» **Aim of the exercise**
Exactly as they appear, copy the lines from the one holding "Although the ideal" through the end of the records, leaving pictures out.
# # # #
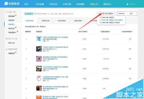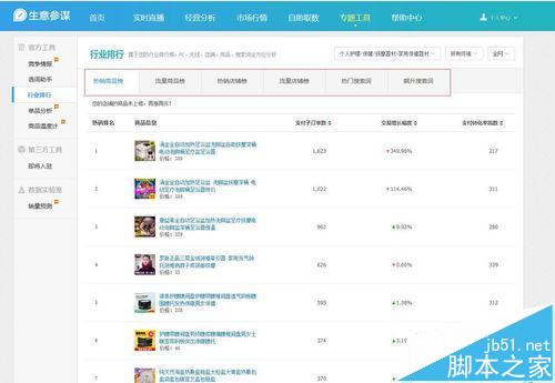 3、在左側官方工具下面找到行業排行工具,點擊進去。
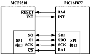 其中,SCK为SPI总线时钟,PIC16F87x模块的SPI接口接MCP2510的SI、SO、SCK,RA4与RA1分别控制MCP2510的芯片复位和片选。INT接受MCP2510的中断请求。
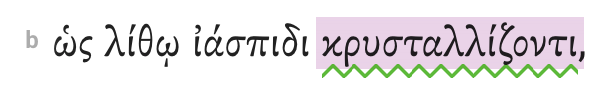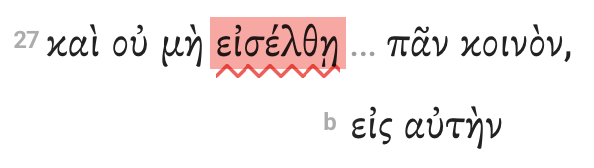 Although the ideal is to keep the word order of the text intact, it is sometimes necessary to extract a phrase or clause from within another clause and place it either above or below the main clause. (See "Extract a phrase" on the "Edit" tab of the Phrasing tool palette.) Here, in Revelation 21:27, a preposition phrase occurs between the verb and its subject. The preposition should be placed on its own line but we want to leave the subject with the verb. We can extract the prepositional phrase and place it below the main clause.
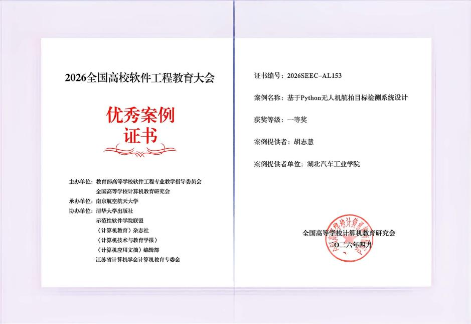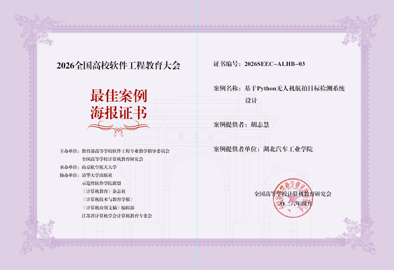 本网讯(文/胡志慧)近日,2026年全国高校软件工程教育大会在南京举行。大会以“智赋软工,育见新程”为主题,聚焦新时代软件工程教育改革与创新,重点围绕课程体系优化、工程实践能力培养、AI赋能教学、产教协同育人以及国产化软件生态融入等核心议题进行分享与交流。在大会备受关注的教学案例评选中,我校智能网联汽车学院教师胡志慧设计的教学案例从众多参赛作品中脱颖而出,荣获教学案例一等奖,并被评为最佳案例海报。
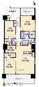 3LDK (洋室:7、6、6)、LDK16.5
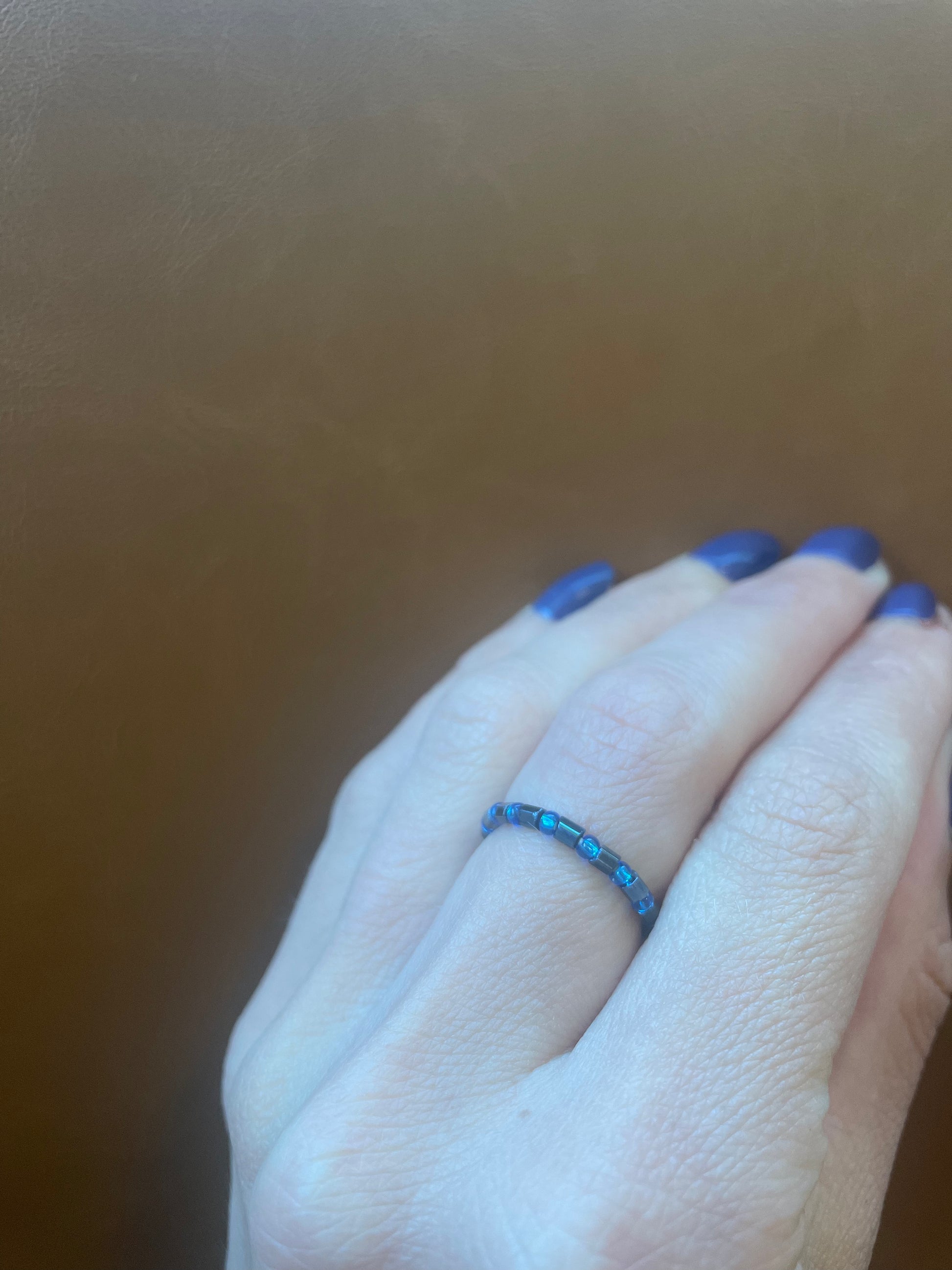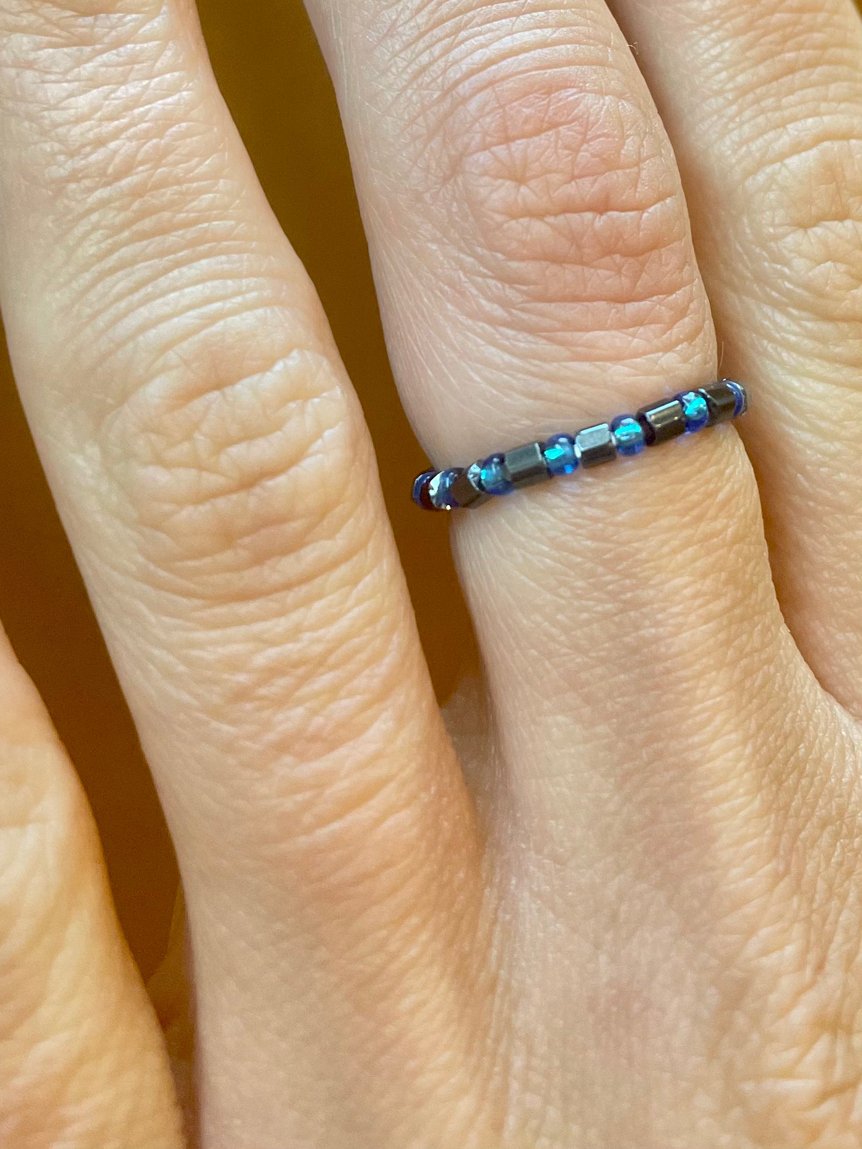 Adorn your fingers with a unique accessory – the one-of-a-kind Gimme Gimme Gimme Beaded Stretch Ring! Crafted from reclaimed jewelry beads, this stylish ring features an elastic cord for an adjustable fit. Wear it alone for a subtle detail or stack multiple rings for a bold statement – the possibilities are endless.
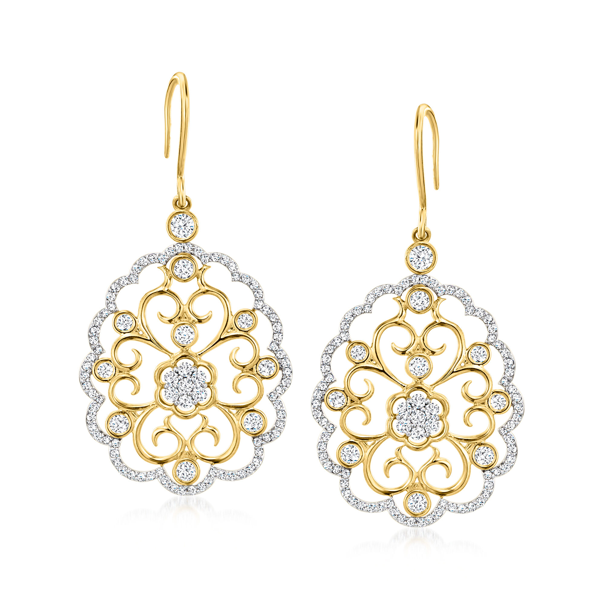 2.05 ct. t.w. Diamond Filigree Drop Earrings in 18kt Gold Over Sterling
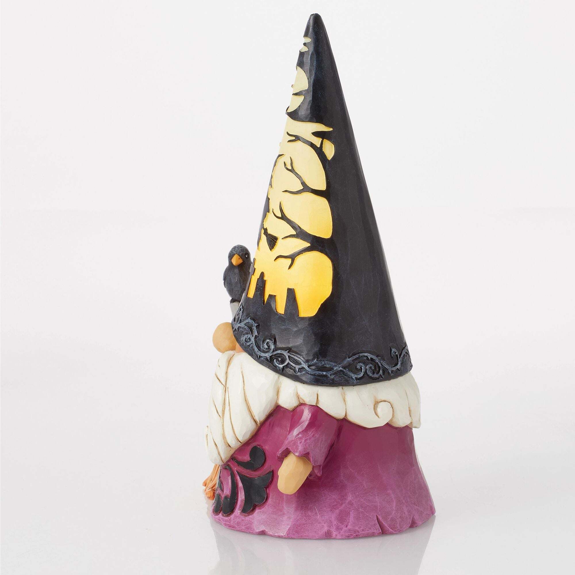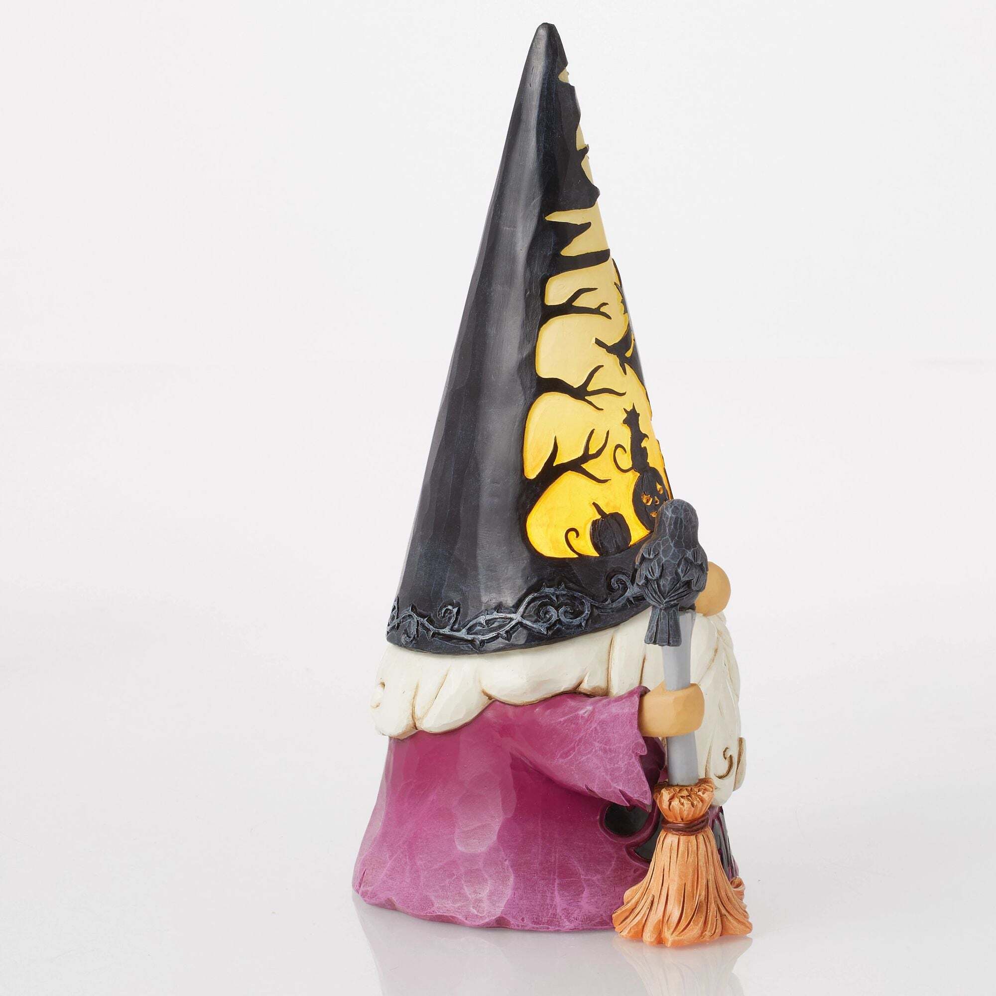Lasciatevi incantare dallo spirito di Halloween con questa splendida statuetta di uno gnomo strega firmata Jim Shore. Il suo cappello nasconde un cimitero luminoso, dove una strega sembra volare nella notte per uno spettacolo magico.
# # # #
» **Expected output**
 Although the ideal is to keep the word order of the text intact, it is sometimes necessary to extract a phrase or clause from within another clause and place it either above or below the main clause. (See "Extract a phrase" on the "Edit" tab of the Phrasing tool palette.) Here, in Revelation 21:27, a preposition phrase occurs between the verb and its subject. The preposition should be placed on its own line but we want to leave the subject with the verb. We can extract the prepositional phrase and place it below the main clause.
 本网讯(文/胡志慧)近日,2026年全国高校软件工程教育大会在南京举行。大会以“智赋软工,育见新程”为主题,聚焦新时代软件工程教育改革与创新,重点围绕课程体系优化、工程实践能力培养、AI赋能教学、产教协同育人以及国产化软件生态融入等核心议题进行分享与交流。在大会备受关注的教学案例评选中,我校智能网联汽车学院教师胡志慧设计的教学案例从众多参赛作品中脱颖而出,荣获教学案例一等奖,并被评为最佳案例海报。
 3LDK (洋室:7、6、6)、LDK16.5
 Adorn your fingers with a unique accessory – the one-of-a-kind Gimme Gimme Gimme Beaded Stretch Ring! Crafted from reclaimed jewelry beads, this stylish ring features an elastic cord for an adjustable fit. Wear it alone for a subtle detail or stack multiple rings for a bold statement – the possibilities are endless.
 2.05 ct. t.w. Diamond Filigree Drop Earrings in 18kt Gold Over Sterling
Lasciatevi incantare dallo spirito di Halloween con questa splendida statuetta di uno gnomo strega firmata Jim Shore. Il suo cappello nasconde un cimitero luminoso, dove una strega sembra volare nella notte per uno spettacolo magico.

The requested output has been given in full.